Page MenuHomePhabricator

Set up backups of tools and misc data from labstore1004/5 in labstore2003/4
Closed, ResolvedPublic

Description

labstore2001 is not in a good state and is being taken apart tomorrow to inspect the hardware weirdness with the RAID controllers and disks. See T102626 and T149567.

labstore2003/4 have about 22TB between them, and the plan is to now backup (using bdsync) the tools and misc volumes from the new labstore secondary cluster in eqiad (labstore1004/5) to these boxes.

We are also planning to reimage labstore2003/4 before doing this.

Event Timeline

Restricted Application added a subscriber: Aklapper. · View Herald Transcript

Change 319500 had a related patch set uploaded (by Madhuvishy):
new labstore partman recipe

https://gerrit.wikimedia.org/r/319500

Change 319500 merged by Madhuvishy:
new labstore partman recipe

https://gerrit.wikimedia.org/r/319500

Script wmf_auto_reimage was launched by madhuvishy on neodymium.eqiad.wmnet for hosts:

['labstore2003.codfw.wmnet']

The log can be found in /var/log/wmf-auto-reimage/201611030437_madhuvishy_13787.log.

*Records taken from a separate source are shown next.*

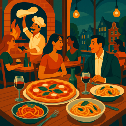 * Jetzt kann Peter das Abendessen mit seinen Freunden im Nona Den Haag genießen!
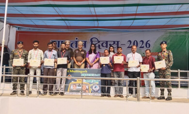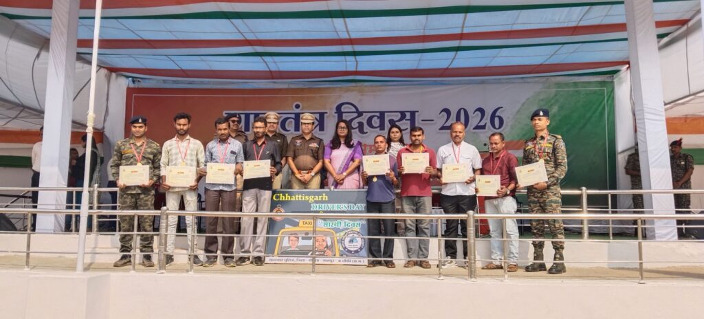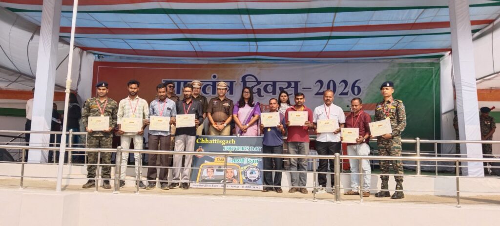राष्ट्रीय सड़क सुरक्षा माह 2026 के अंतर्गत आज मोहला के परेड मैदान में ड्राइवर्स डे (सारथी दिवस) का आयोजन किया गया। कार्यक्रम में कलेक्टर श्रीमती तुलिका प्रजापति एवं पुलिस अधीक्षक श्री वाय.पी. सिंह (भा.पु.से.) द्वारा सुरक्षित एवं बिना नशे के वाहन संचालन करने वाले स्कूल बस, ऑटो रिक्शा व बसों के 9 चालकों को मेडल एवं प्रमाणपत्र देकर सम्मानित किया गया।
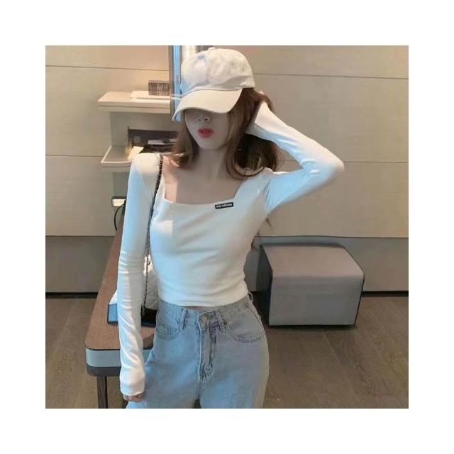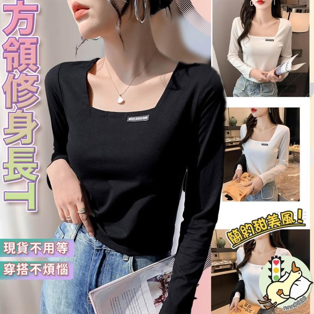 小蘭優購 韓版上衣 方領長袖 短版上衣 長袖上衣 女裝 衣服 修身上衣 顯瘦上衣 長袖t恤 秋天長袖 秋天衣服 女上衣
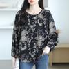 Chiffon-Shirt mit Blumenmuster für Damen, langärmelig, lockere Passform, schlankmachendes, bauchbedeckendes Anti-Aging-Top für Damen
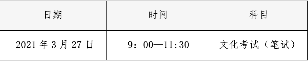 1.文化考试(笔试)时间为2021年3月27日9:00-11:30。
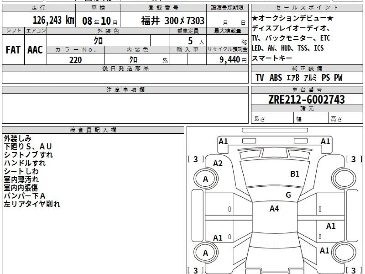 Оценка аукциона: 4, что гарантирует хорошее техническое и косметическое состояние кузова и салона.
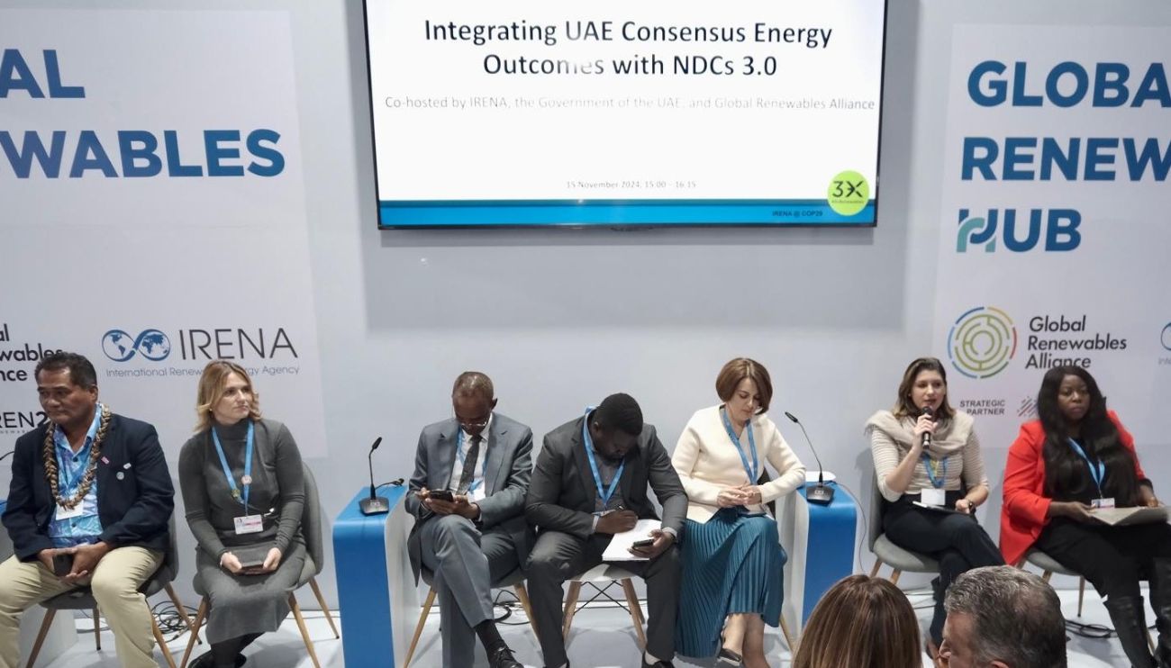 At COP29 in Baku, IRENA, the United Arab Emirates and the Global Renewables Alliance (GRA) co-hosted a side-event at the Global Renewables Hub to discuss challenges and opportunities of “Integrating UAE Consensus Energy Outcomes with NDCs 3.0”.
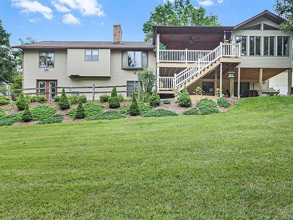 This beautiful ranch home sits in a manicured lawn, park-like setting w/mature trees, reaching down to the creek on 1.69+/-ACRES in the city limits, rare to find. Step inside could be your dream home, the concept design intends to create nice flow throughout. Whether you're looking for a serene retreat or the perfect place to entertain this home is it. The home features on the main level large foyer adjoining to separate dining/office rm w/wood floors, great rm w/gas fireplace, bay windows, built in shelves, vaulted ceiling w/wood beams. Kitchen w/backsplash, granite counter tops, planning desk, breakfast bar & breakfast rm. Laundry/1/2 ba. Splendid 4 season sunroom that leads out to a covered deck. Primary bedroom suite w/walk-in closet, soaking tub/separate shower. 2 add'l bedrm & hall ba. W/O lower level offers family room w/wood burning fireplace, kitchenette, full bath & bedrm. 2 Storage areas one w/service door great to store lawn equipment/workshop. Subd pool option plan w/fee.
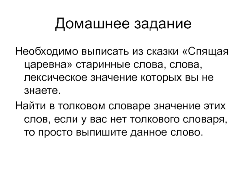 Домашнее заданиеНеобходимо выписать из сказки «Спящая царевна» старинные слова, слова, лексическое значение которых вы не знаете. Найти

Script wmf_auto_reimage was launched by madhuvishy on neodymium.eqiad.wmnet for hosts:

['labstore2004.codfw.wmnet']

The log can be found in /var/log/wmf-auto-reimage/201611030607_madhuvishy_15305.log.

Change 319518 had a related patch set uploaded (by Madhuvishy):
labstore: Add mountpoint at srv for labstore-lvm-noraid partman recipe

https://gerrit.wikimedia.org/r/319518

Change 319518 merged by Madhuvishy:
labstore: Add mountpoint at srv for labstore-lvm-noraid partman recipe

https://gerrit.wikimedia.org/r/319518

The WMF auto reimage script didn't work out due to a puppet issue we discovered in this process (ticket coming soon). Manually reimaged 2004 so far.

Change 319530 had a related patch set uploaded (by Madhuvishy):
labstore: Setup secondary backups of tools and misc on labstore2003/4

https://gerrit.wikimedia.org/r/319530

Change 319530 merged by Madhuvishy:
labstore: Setup secondary backups of tools and misc on labstore2003/4

https://gerrit.wikimedia.org/r/319530

Mentioned in SAL (#wikimedia-operations) [2016-11-04T01:54:23Z] <madhuvishy> Manually reimaging labstore2003 (T149870)

Change 319781 had a related patch set uploaded (by Madhuvishy):
labstore: Apply role secondary::backup::tools-project to labstore2003

https://gerrit.wikimedia.org/r/319781

Change 319781 merged by Madhuvishy:
labstore: Apply role secondary::backup::tools-project to labstore2003

https://gerrit.wikimedia.org/r/319781

Labstore2003 and 2004 reimaged, and set up with bdsync weekly backups for tools and misc respectively. I have a manual initial backup job running on screens in both servers.

Two things we have noticed that need to happen to close this:

  1. we need to use flock or something to ensure one job is running at a time
  2. we should use snapshot-manager to keep a history of backup-host-local snaphots both to have a known good version during backups and to have some history even if limited for cheap

@madhuvishy can you update status here? iiuc a flock like thing is in play but we are still keeping only 1 historical version. Could be wrong though :)

Change 334692 had a related patch set uploaded (by Madhuvishy):
nfs: Snapshot backup device on secondary DC before replicating latest from remote

https://gerrit.wikimedia.org/r/334692

Change 334692 merged by Madhuvishy:
[operations/puppet] nfs: Snapshot backup device on secondary DC before replicating latest from remote

https://gerrit.wikimedia.org/r/334692

Two things we have noticed that need to happen to close this:

  • we need to use flock or something to ensure one job is running at a time
  • we should use snapshot-manager to keep a history of backup-host-local snaphots both to have a known good version during backups and to have some history even if limited for cheap

Both of these are done now. I'll follow up tomorrow once the backup jobs have run, and update status and close this ticket.

Looks like the backup jobs are running fine. Closing this.